• Task prompt
The pictures stay out. Please retype every line below exactly.

(Dataset excerpts)
....

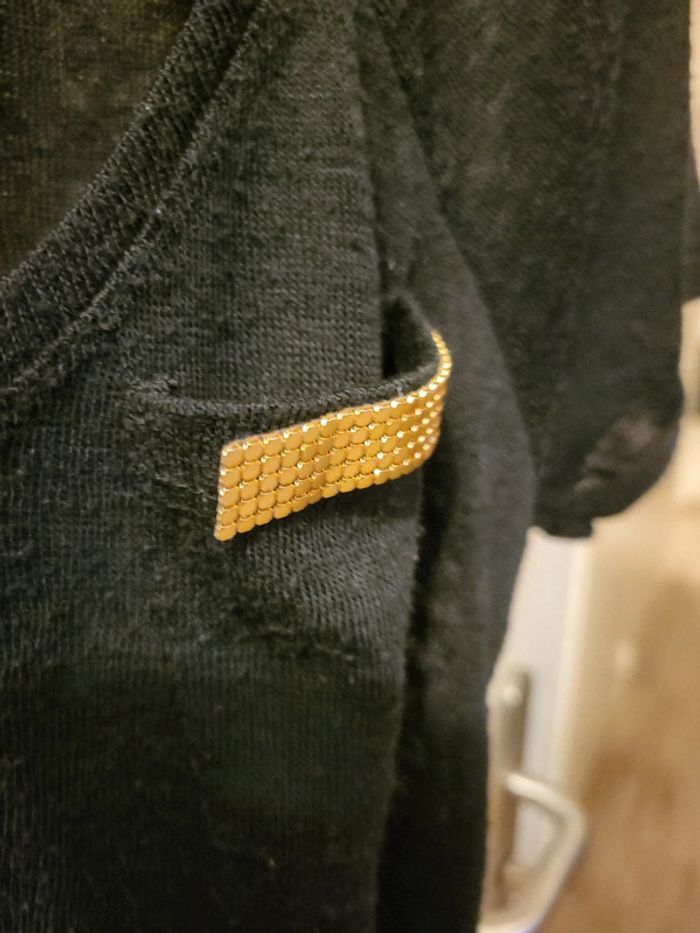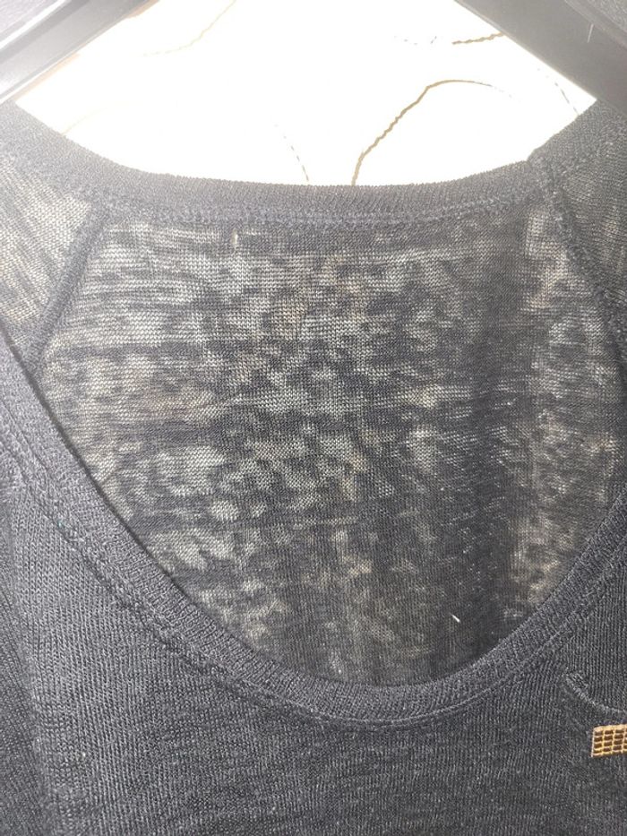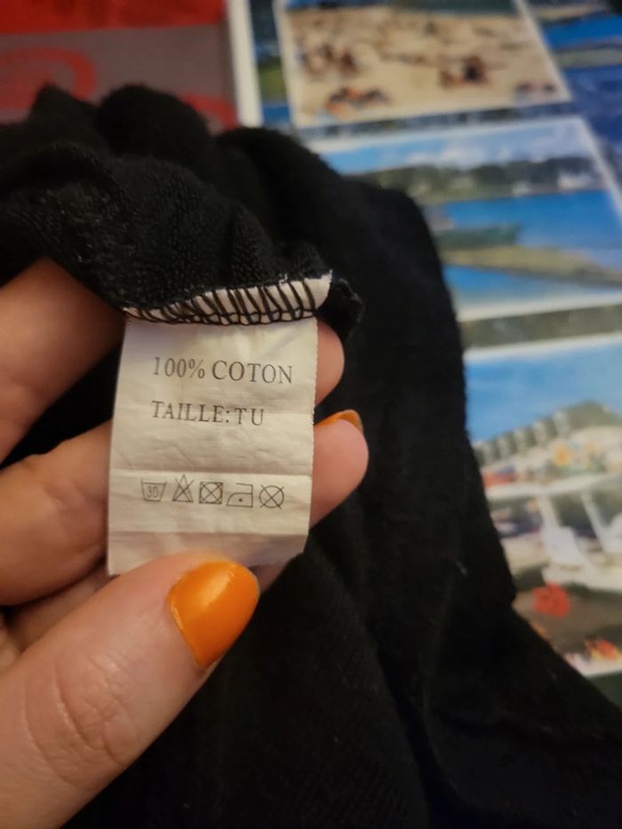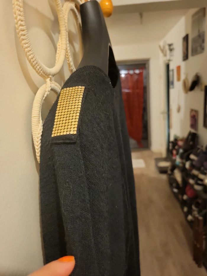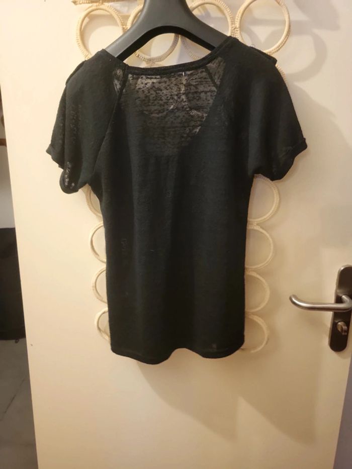 Beau t shirt noir avec légère transparence. Strass or. Il y a un petit trou à l'arrière ( en enlevant l'étiquette... voir photo), il y a aussi le strass qui commence à être décollé. 100% coton. Mim. Taille unique. ( 38/40/42). #echelon1838 #echelon1840
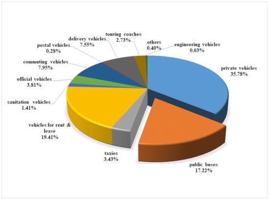 Thanks to the implementation of government policies, 383,285 EVs, of different scope and purpose, have been sold and used across China. Figure 1 shows EV application and distribution data from different transportation networks between 2013 and 2015, published by the Chinese Automotive Technology and Research Centre in 2016 [18]. The time between 2013 and 2015 was a period of demonstration of EVs in cities/city groups. Clearly, great improvement has been traced in both public transportation and private use, as 66,004 EVs were used as public buses between 2013 and 2015, which amounts to 17.22%.
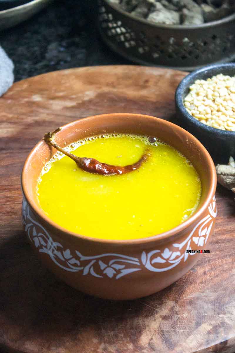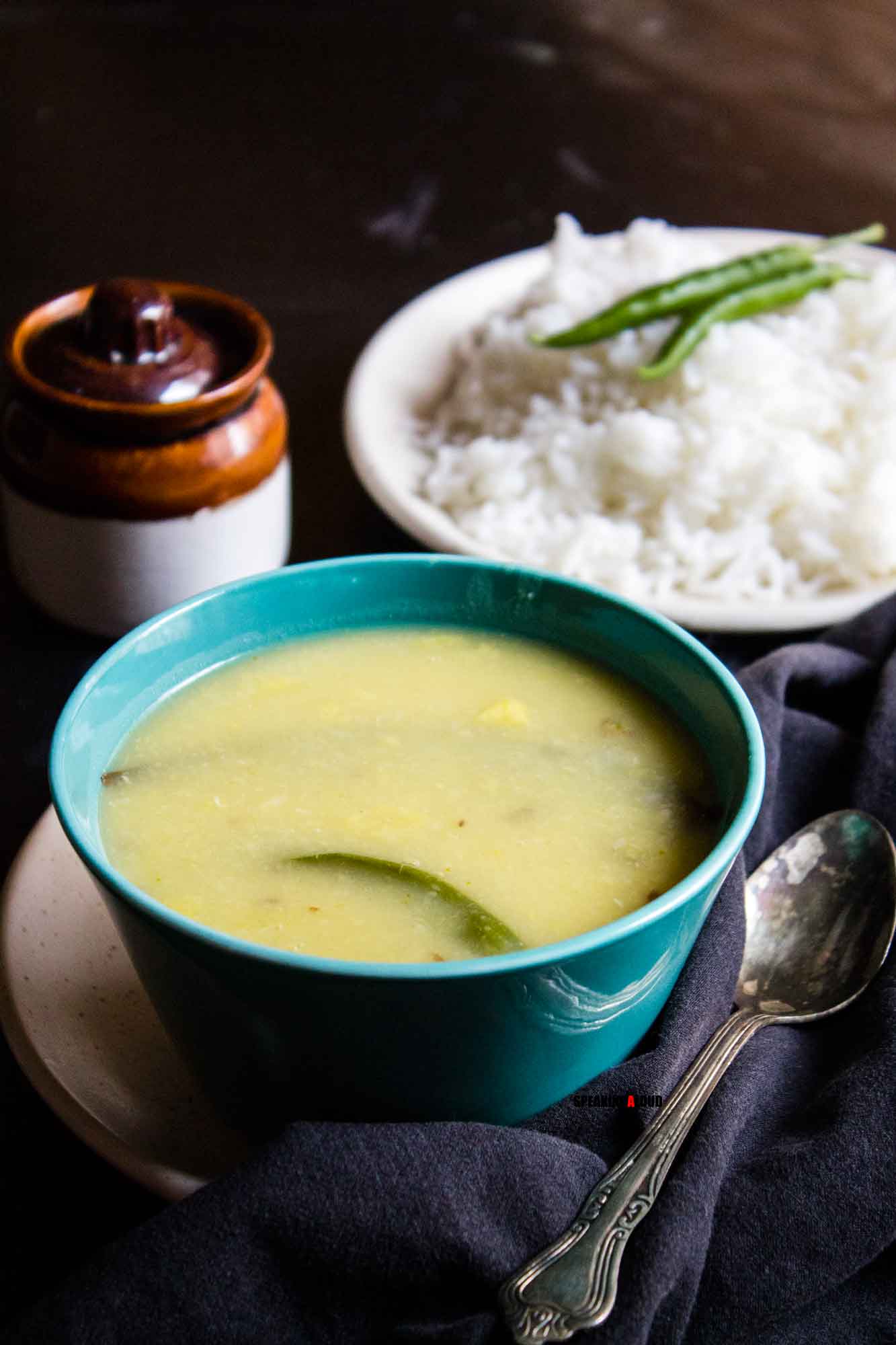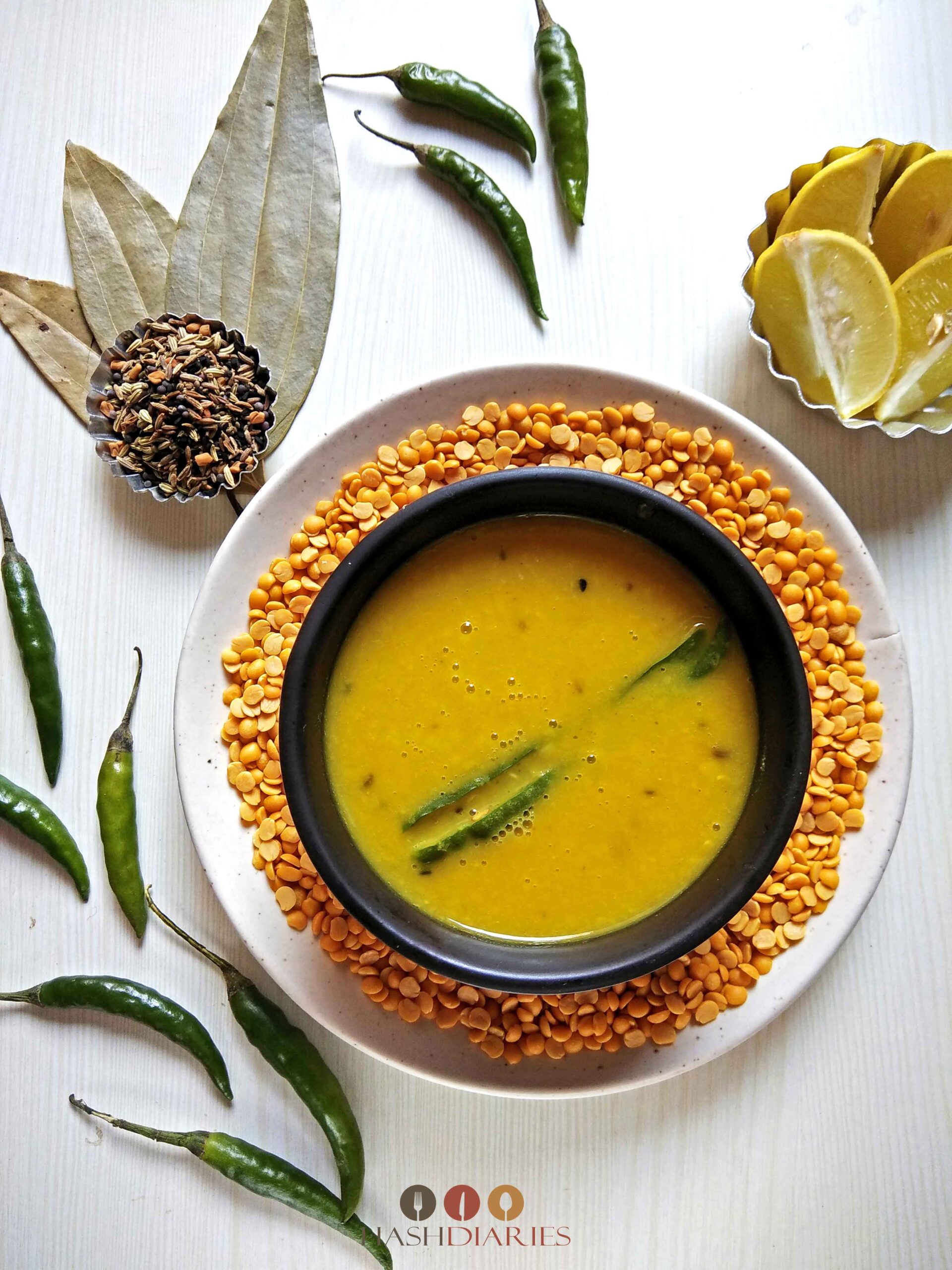 I know many who swear by the Masoor Dal or red lentil recipes of Toker Dal, but few prefer other varieties of lentils as well. Purists would always settle for ‘Motor Dal‘, i.e., the split pea lentil, while some would stick to Arhar Dal or Toor Daal or split Pigeon Pea Lentil for a Toker Dal recipe.
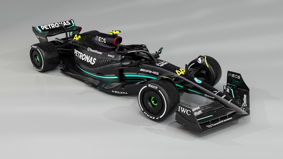 El equipo británico fue quien sorprendió a todos cuando dio a conocer su flamante unidad. Regresó al color negro que utilizó hace tres temporadas, aunque, en esta oportunidad, no tiene que ver con la lucha de Lewis Hamilton contra el racismo si no que la decisión se debe al deseo de conseguir el máximo ahorro de peso, ya que gran parte del mismo está sin pintar y funciona como fibra de carbono en bruto. El equipo contó que se trata de un chasis significativamente más liviano, con geometría de suspensión delantera revisada, ajustes del sistema de enfriamiento y un concepto aerodinámico refinado basado en el aprendizaje del 2022.
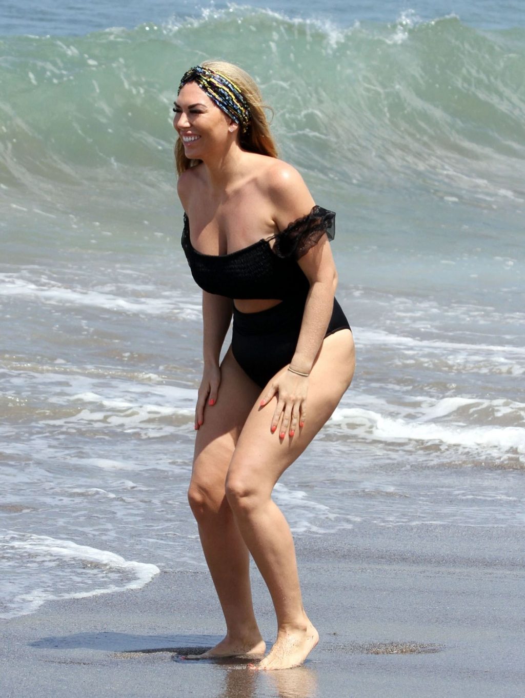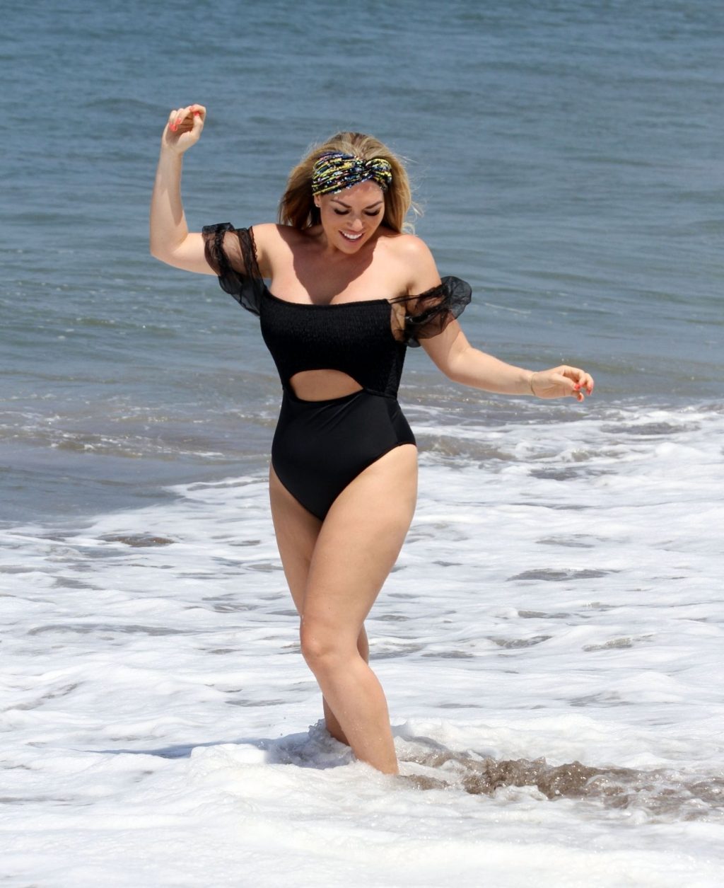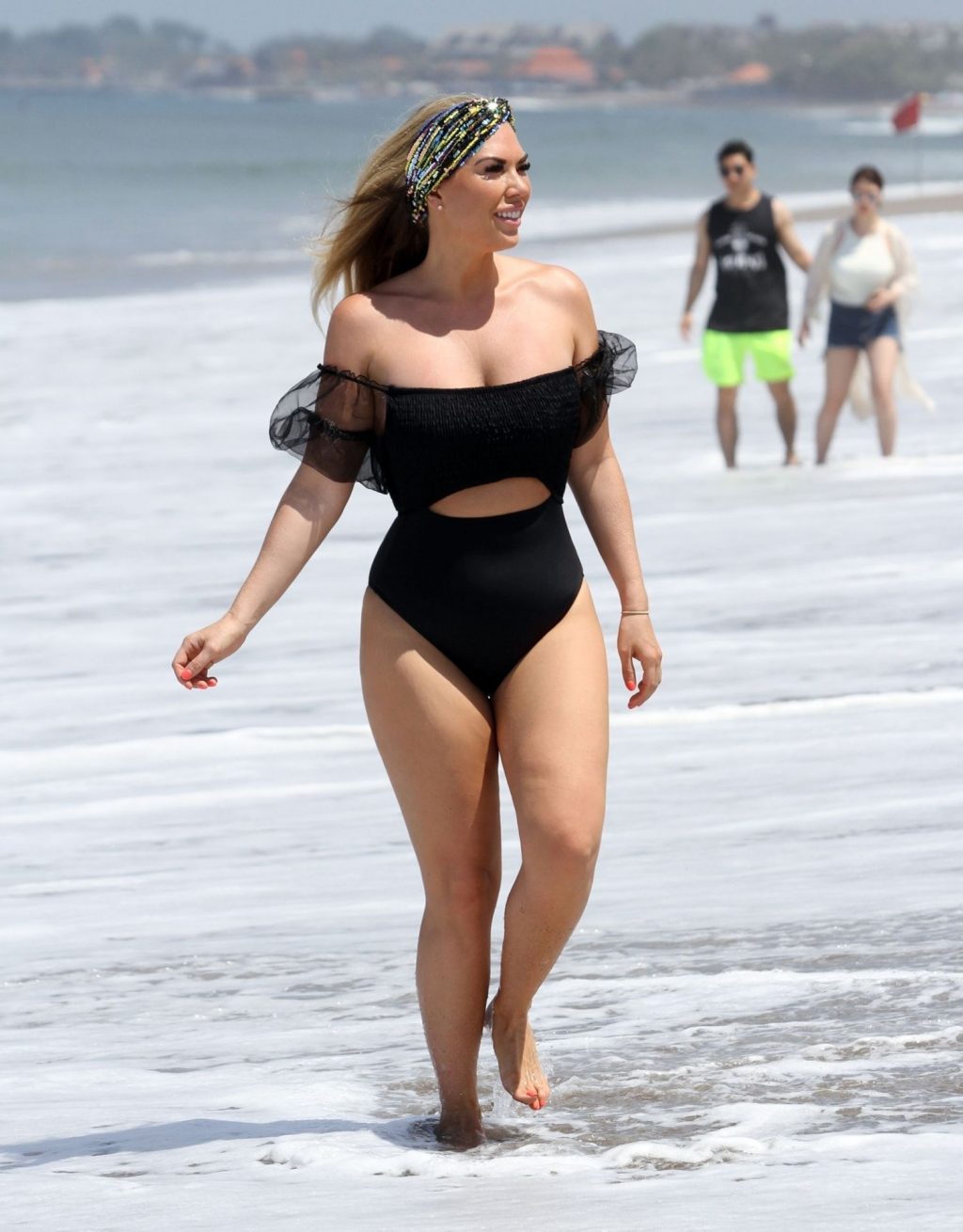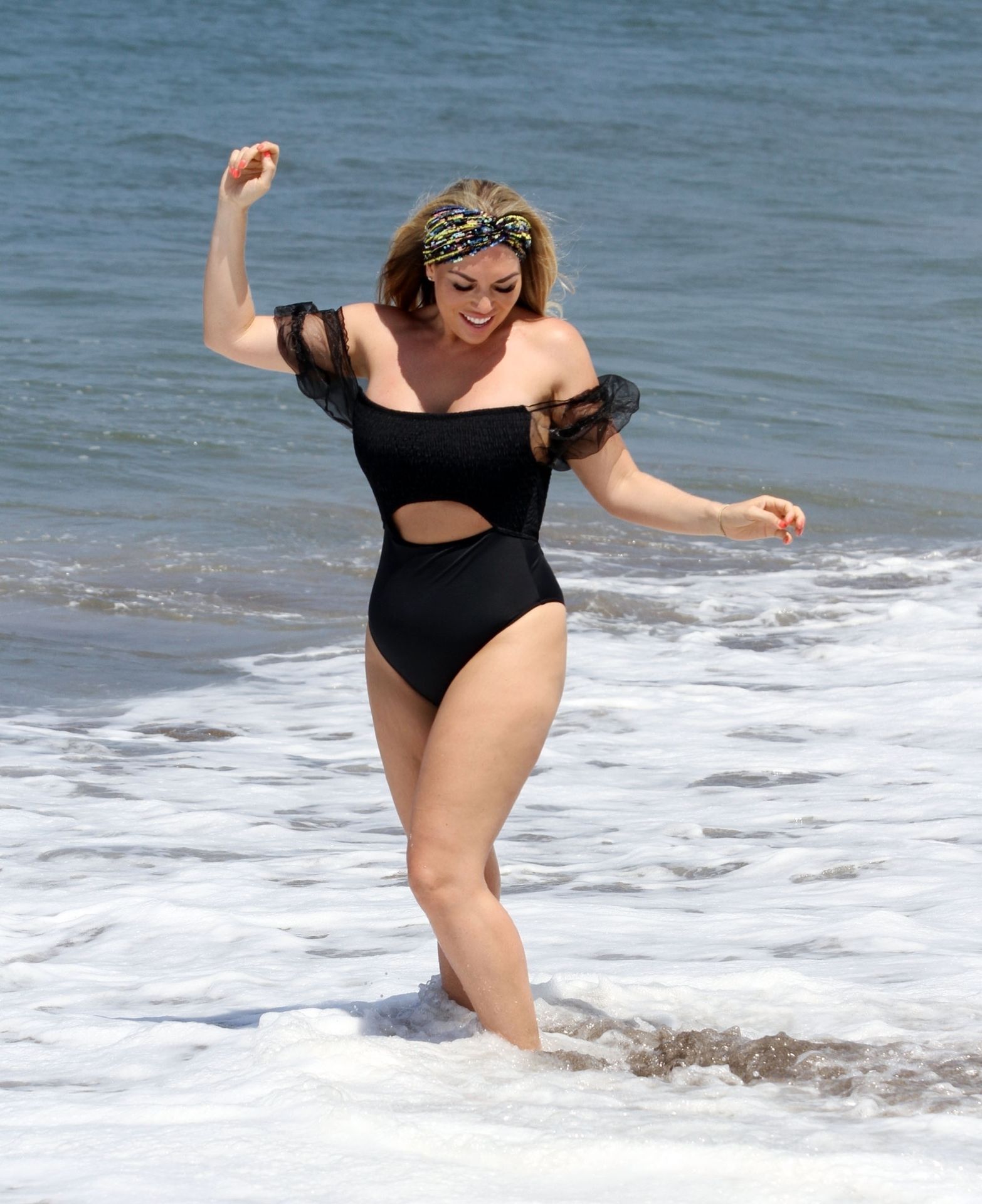 La star de la télé-réalité Frankie Essex affiche sa récente perte de poids en vacances à Tenerife, 01/03/2020. Frankie est vue en maillot de bain noir alors qu’elle saute hors de la mer sur l’île espagnole.

....

• Task answer
 Beau t shirt noir avec légère transparence. Strass or. Il y a un petit trou à l'arrière ( en enlevant l'étiquette... voir photo), il y a aussi le strass qui commence à être décollé. 100% coton. Mim. Taille unique. ( 38/40/42). #echelon1838 #echelon1840
 Thanks to the implementation of government policies, 383,285 EVs, of different scope and purpose, have been sold and used across China. Figure 1 shows EV application and distribution data from different transportation networks between 2013 and 2015, published by the Chinese Automotive Technology and Research Centre in 2016 [18]. The time between 2013 and 2015 was a period of demonstration of EVs in cities/city groups. Clearly, great improvement has been traced in both public transportation and private use, as 66,004 EVs were used as public buses between 2013 and 2015, which amounts to 17.22%.
 I know many who swear by the Masoor Dal or red lentil recipes of Toker Dal, but few prefer other varieties of lentils as well. Purists would always settle for ‘Motor Dal‘, i.e., the split pea lentil, while some would stick to Arhar Dal or Toor Daal or split Pigeon Pea Lentil for a Toker Dal recipe.
 El equipo británico fue quien sorprendió a todos cuando dio a conocer su flamante unidad. Regresó al color negro que utilizó hace tres temporadas, aunque, en esta oportunidad, no tiene que ver con la lucha de Lewis Hamilton contra el racismo si no que la decisión se debe al deseo de conseguir el máximo ahorro de peso, ya que gran parte del mismo está sin pintar y funciona como fibra de carbono en bruto. El equipo contó que se trata de un chasis significativamente más liviano, con geometría de suspensión delantera revisada, ajustes del sistema de enfriamiento y un concepto aerodinámico refinado basado en el aprendizaje del 2022.
 La star de la télé-réalité Frankie Essex affiche sa récente perte de poids en vacances à Tenerife, 01/03/2020. Frankie est vue en maillot de bain noir alors qu’elle saute hors de la mer sur l’île espagnole.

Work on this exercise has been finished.